Print the records below exactly, starting at the first line and stopping after the line that contains "Something else the Dutch". Leave out any pictures.

[[ STUDY MATERIAL open ]]

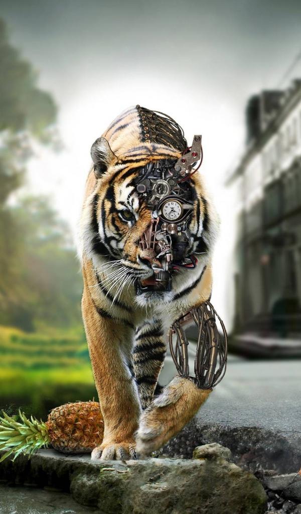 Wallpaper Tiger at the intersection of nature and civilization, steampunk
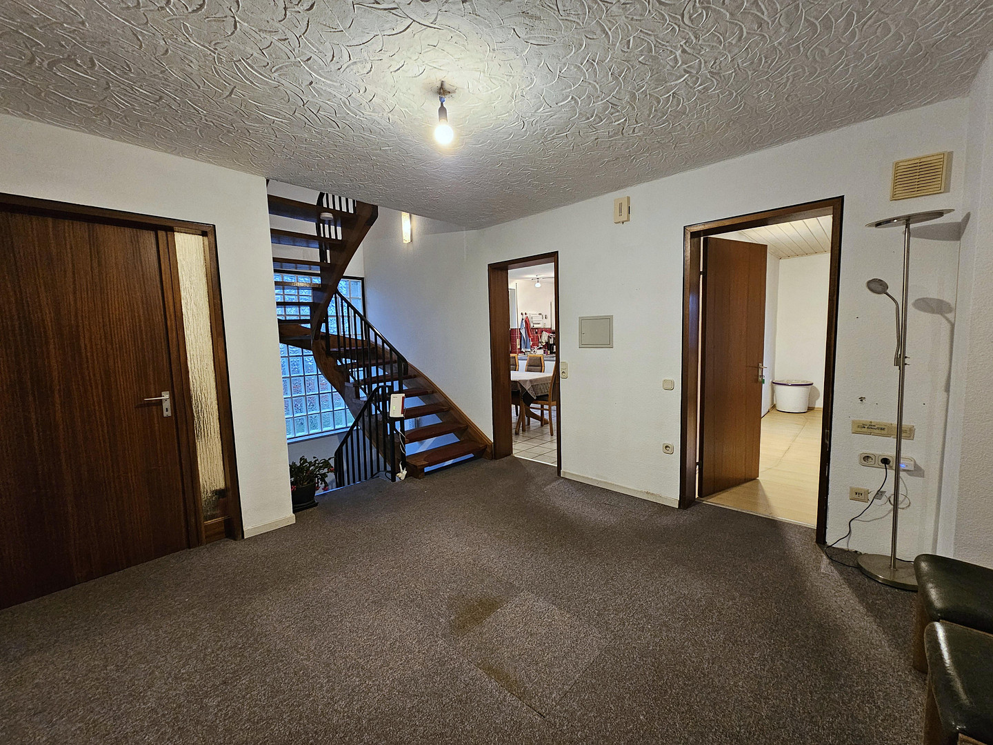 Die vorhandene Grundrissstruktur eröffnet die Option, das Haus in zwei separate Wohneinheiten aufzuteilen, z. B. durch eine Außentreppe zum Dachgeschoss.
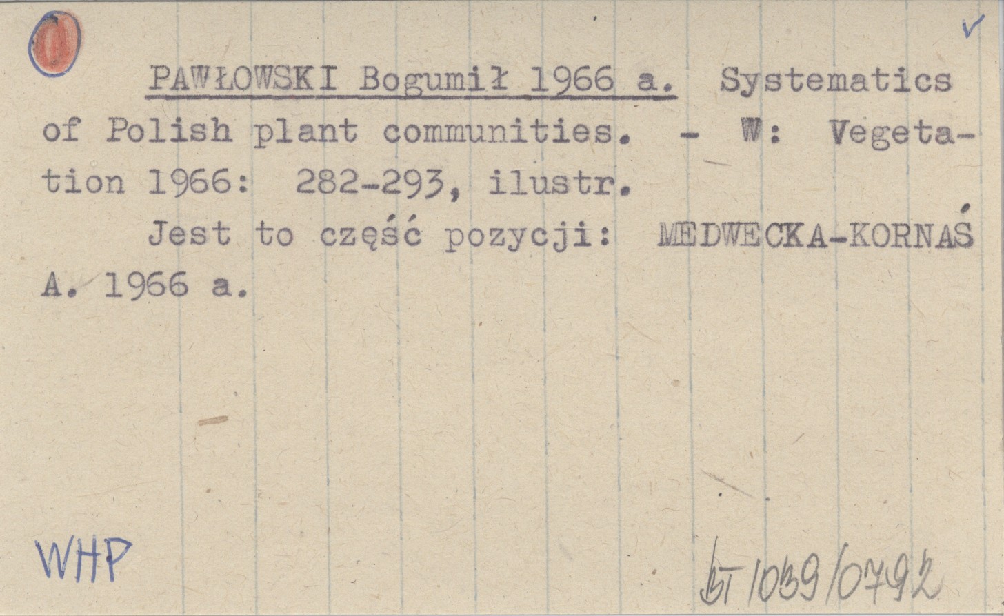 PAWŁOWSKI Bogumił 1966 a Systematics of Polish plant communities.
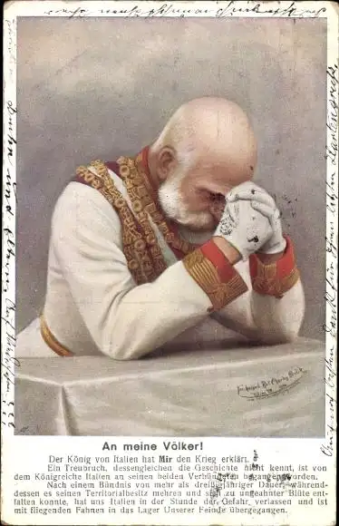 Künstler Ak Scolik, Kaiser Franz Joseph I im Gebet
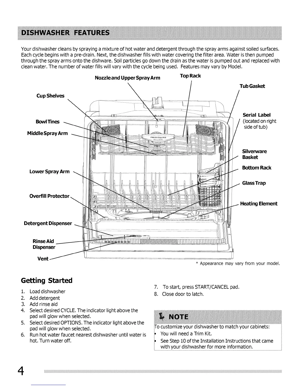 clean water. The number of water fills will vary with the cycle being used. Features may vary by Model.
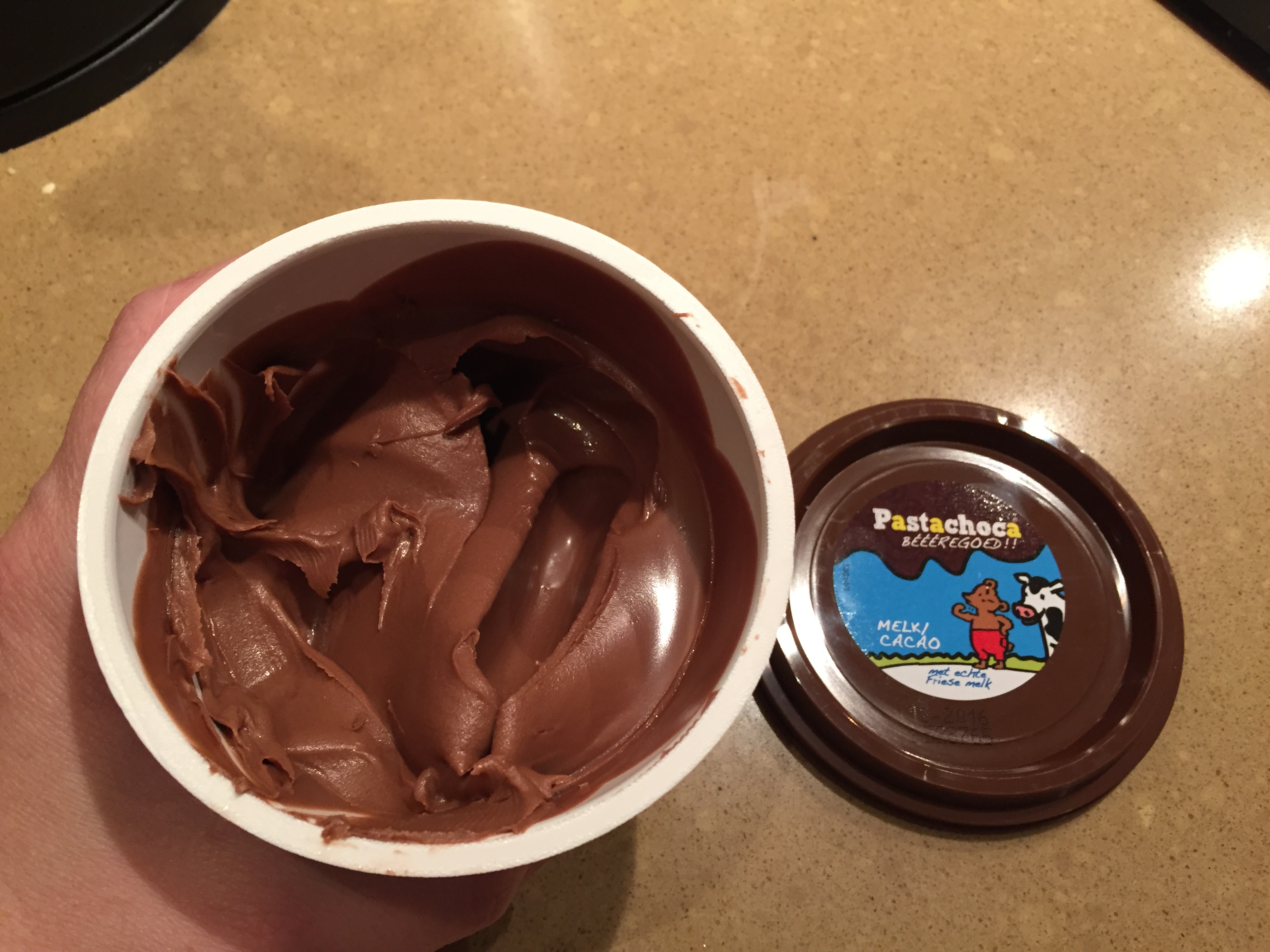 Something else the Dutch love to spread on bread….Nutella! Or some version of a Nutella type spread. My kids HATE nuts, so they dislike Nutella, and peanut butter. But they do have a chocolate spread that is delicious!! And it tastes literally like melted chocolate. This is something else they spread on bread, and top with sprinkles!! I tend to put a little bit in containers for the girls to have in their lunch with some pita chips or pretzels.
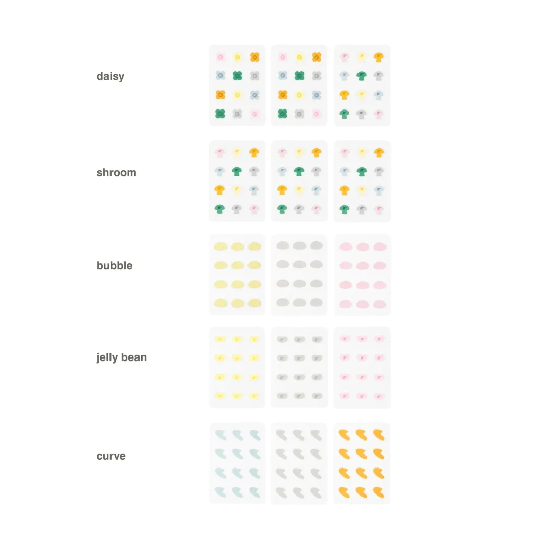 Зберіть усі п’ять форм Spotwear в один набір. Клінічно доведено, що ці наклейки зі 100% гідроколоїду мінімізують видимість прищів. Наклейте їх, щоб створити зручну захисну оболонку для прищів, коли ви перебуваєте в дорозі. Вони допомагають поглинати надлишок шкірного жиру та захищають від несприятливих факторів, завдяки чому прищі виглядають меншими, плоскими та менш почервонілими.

[[ STUDY MATERIAL closed ]]

» **ANSWER FOR THIS EXERCISE**
 Wallpaper Tiger at the intersection of nature and civilization, steampunk
 Die vorhandene Grundrissstruktur eröffnet die Option, das Haus in zwei separate Wohneinheiten aufzuteilen, z. B. durch eine Außentreppe zum Dachgeschoss.
 PAWŁOWSKI Bogumił 1966 a Systematics of Polish plant communities.
 Künstler Ak Scolik, Kaiser Franz Joseph I im Gebet
 clean water. The number of water fills will vary with the cycle being used. Features may vary by Model.
 Something else the Dutch love to spread on bread….Nutella! Or some version of a Nutella type spread. My kids HATE nuts, so they dislike Nutella, and peanut butter. But they do have a chocolate spread that is delicious!! And it tastes literally like melted chocolate. This is something else they spread on bread, and top with sprinkles!! I tend to put a little bit in containers for the girls to have in their lunch with some pita chips or pretzels.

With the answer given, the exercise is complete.